■ Data records:

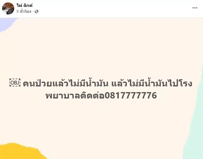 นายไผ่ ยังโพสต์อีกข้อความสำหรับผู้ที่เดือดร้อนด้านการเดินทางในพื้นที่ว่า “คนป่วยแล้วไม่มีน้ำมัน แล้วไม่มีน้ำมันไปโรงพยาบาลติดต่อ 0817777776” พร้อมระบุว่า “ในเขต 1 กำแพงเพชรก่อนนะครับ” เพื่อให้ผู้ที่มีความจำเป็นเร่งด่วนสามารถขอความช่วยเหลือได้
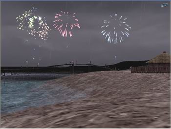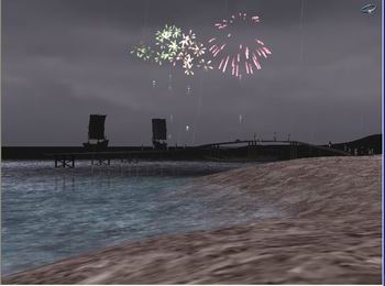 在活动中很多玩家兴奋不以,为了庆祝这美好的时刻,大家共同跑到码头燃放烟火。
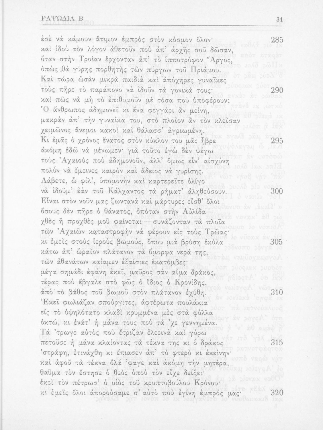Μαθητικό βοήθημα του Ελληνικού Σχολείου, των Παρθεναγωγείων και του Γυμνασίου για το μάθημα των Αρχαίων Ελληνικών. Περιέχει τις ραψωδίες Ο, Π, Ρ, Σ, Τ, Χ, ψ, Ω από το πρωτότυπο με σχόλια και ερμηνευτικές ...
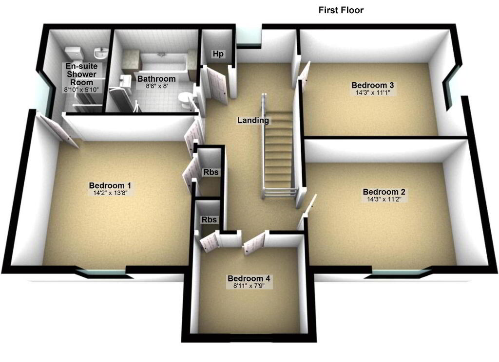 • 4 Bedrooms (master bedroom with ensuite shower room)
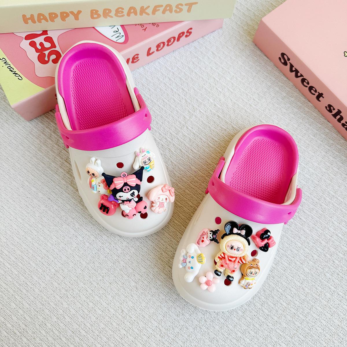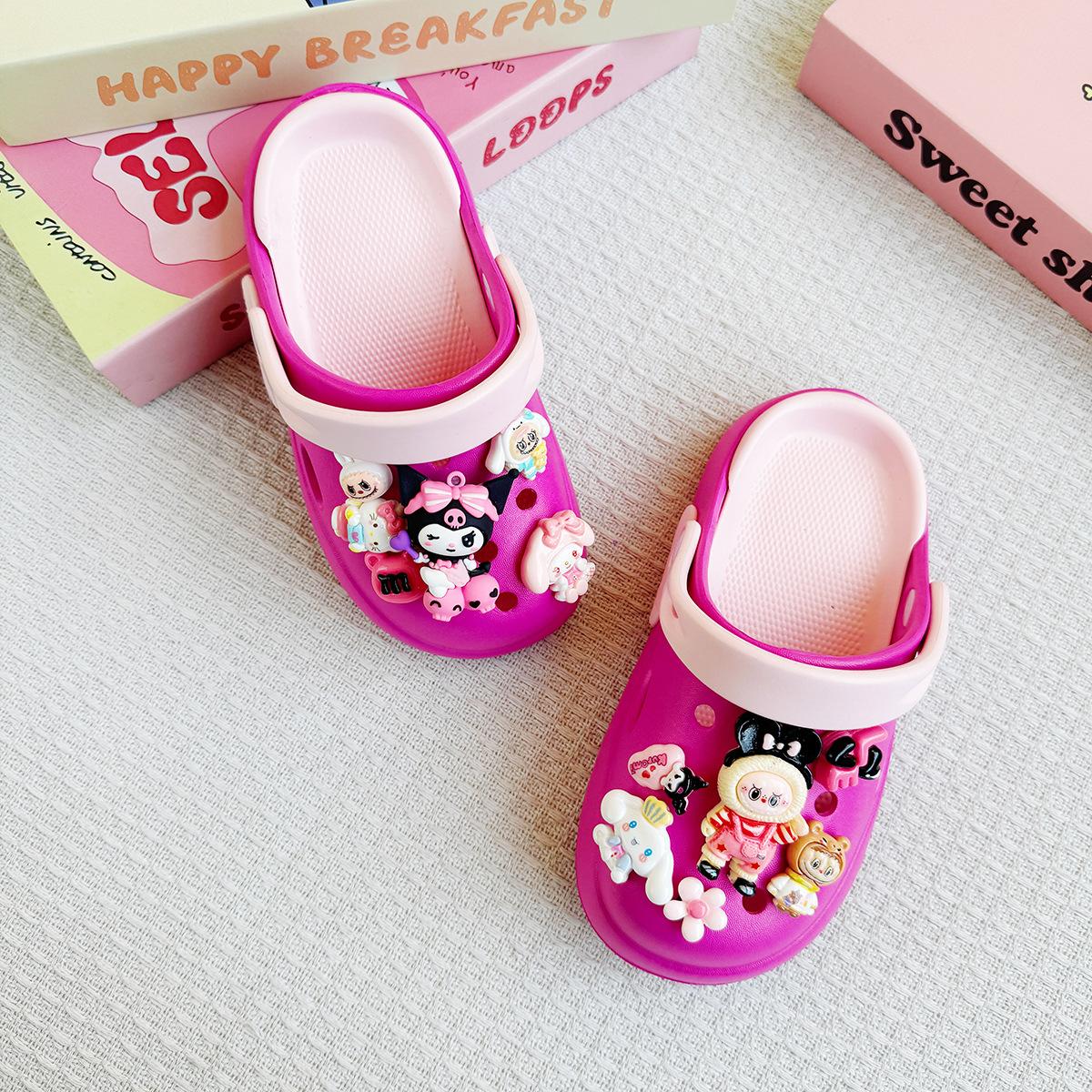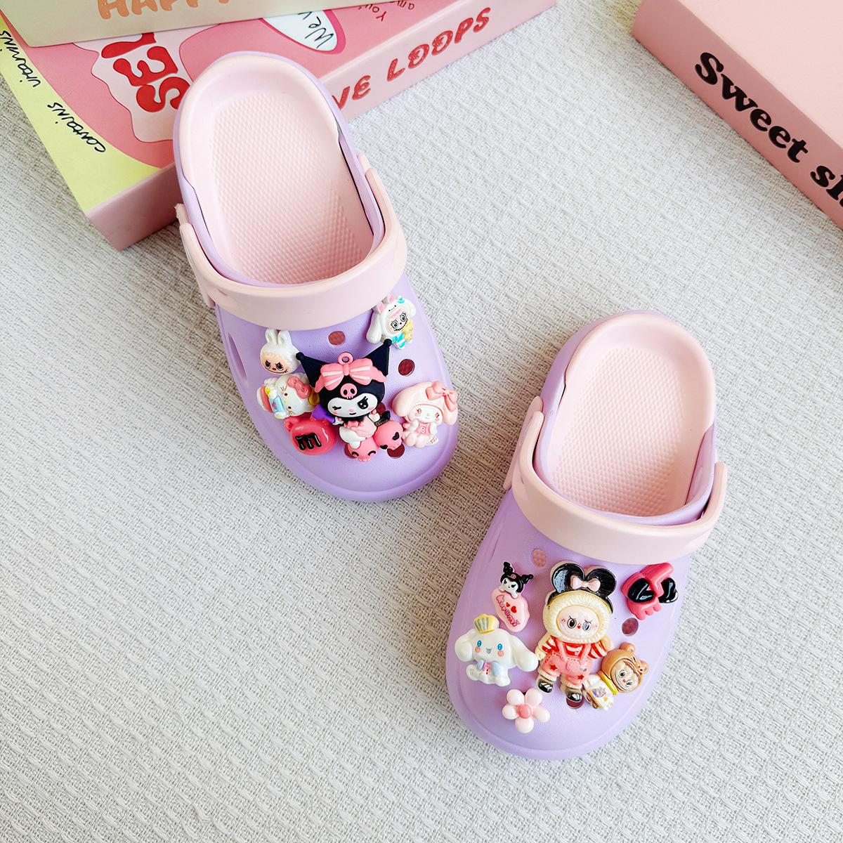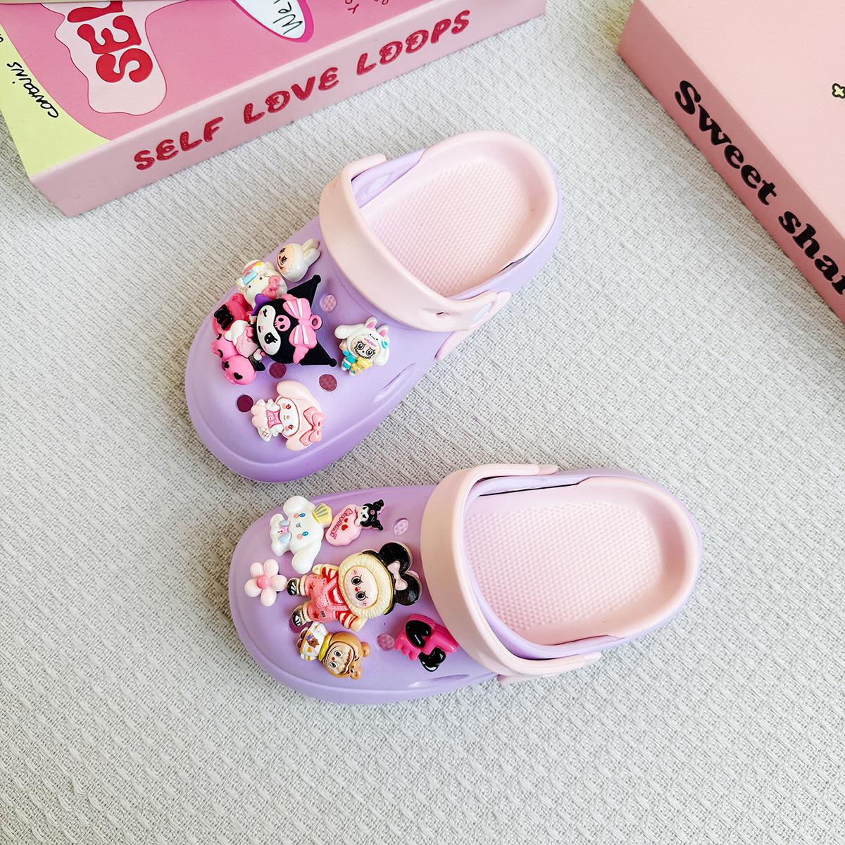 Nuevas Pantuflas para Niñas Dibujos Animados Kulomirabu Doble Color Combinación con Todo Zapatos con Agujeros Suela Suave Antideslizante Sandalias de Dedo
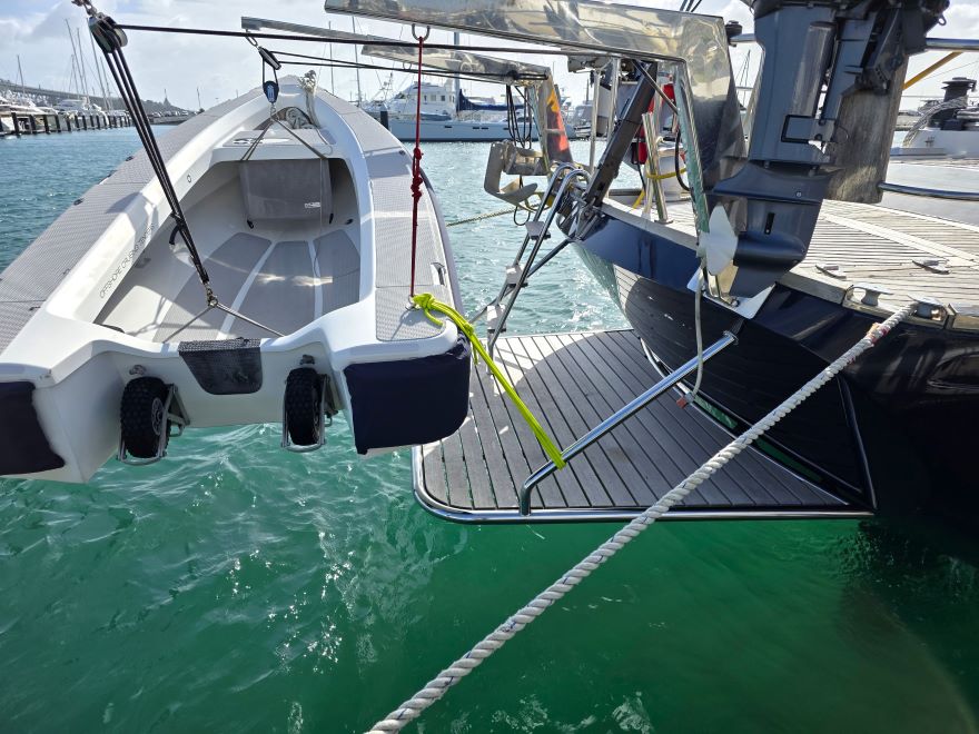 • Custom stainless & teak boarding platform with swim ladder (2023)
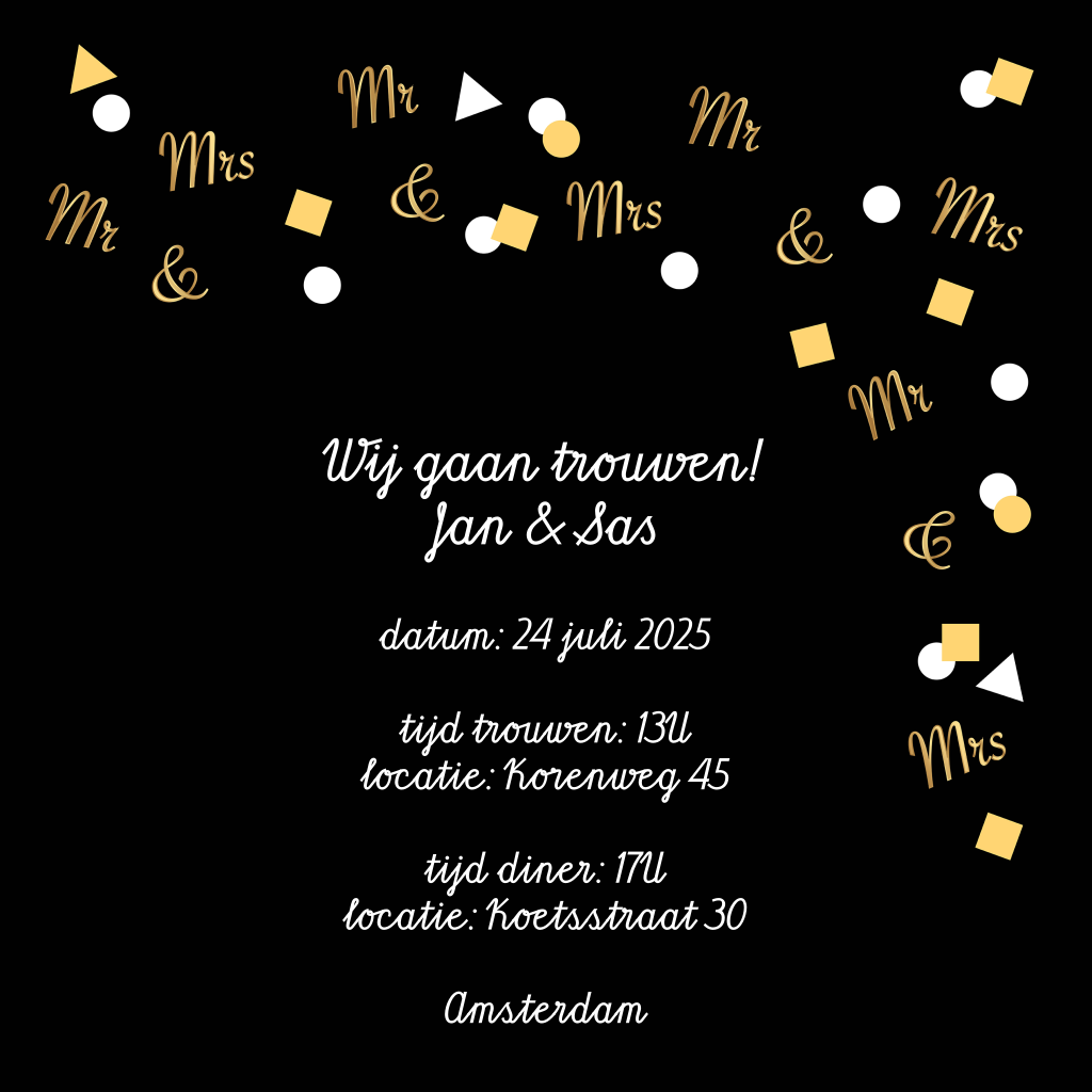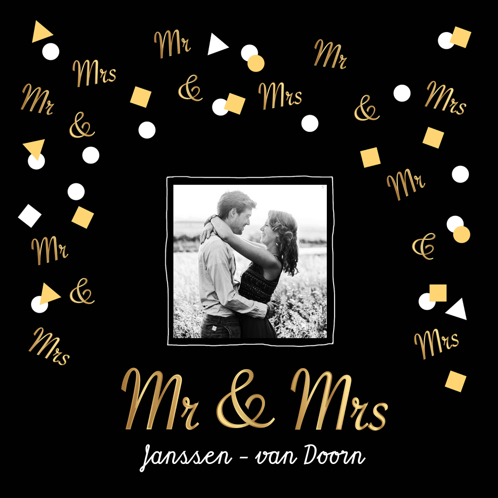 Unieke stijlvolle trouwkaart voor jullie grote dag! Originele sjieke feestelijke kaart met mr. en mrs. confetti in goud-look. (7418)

■ Problem: Your answer must consist only of the lines from the one containing "Μαθητικό βοήθημα του" through the end of the entries, restated word for word, with no pictures.

■ Task output:
Μαθητικό βοήθημα του Ελληνικού Σχολείου, των Παρθεναγωγείων και του Γυμνασίου για το μάθημα των Αρχαίων Ελληνικών. Περιέχει τις ραψωδίες Ο, Π, Ρ, Σ, Τ, Χ, ψ, Ω από το πρωτότυπο με σχόλια και ερμηνευτικές ...
 • 4 Bedrooms (master bedroom with ensuite shower room)
 Nuevas Pantuflas para Niñas Dibujos Animados Kulomirabu Doble Color Combinación con Todo Zapatos con Agujeros Suela Suave Antideslizante Sandalias de Dedo
 • Custom stainless & teak boarding platform with swim ladder (2023)
 Unieke stijlvolle trouwkaart voor jullie grote dag! Originele sjieke feestelijke kaart met mr. en mrs. confetti in goud-look. (7418)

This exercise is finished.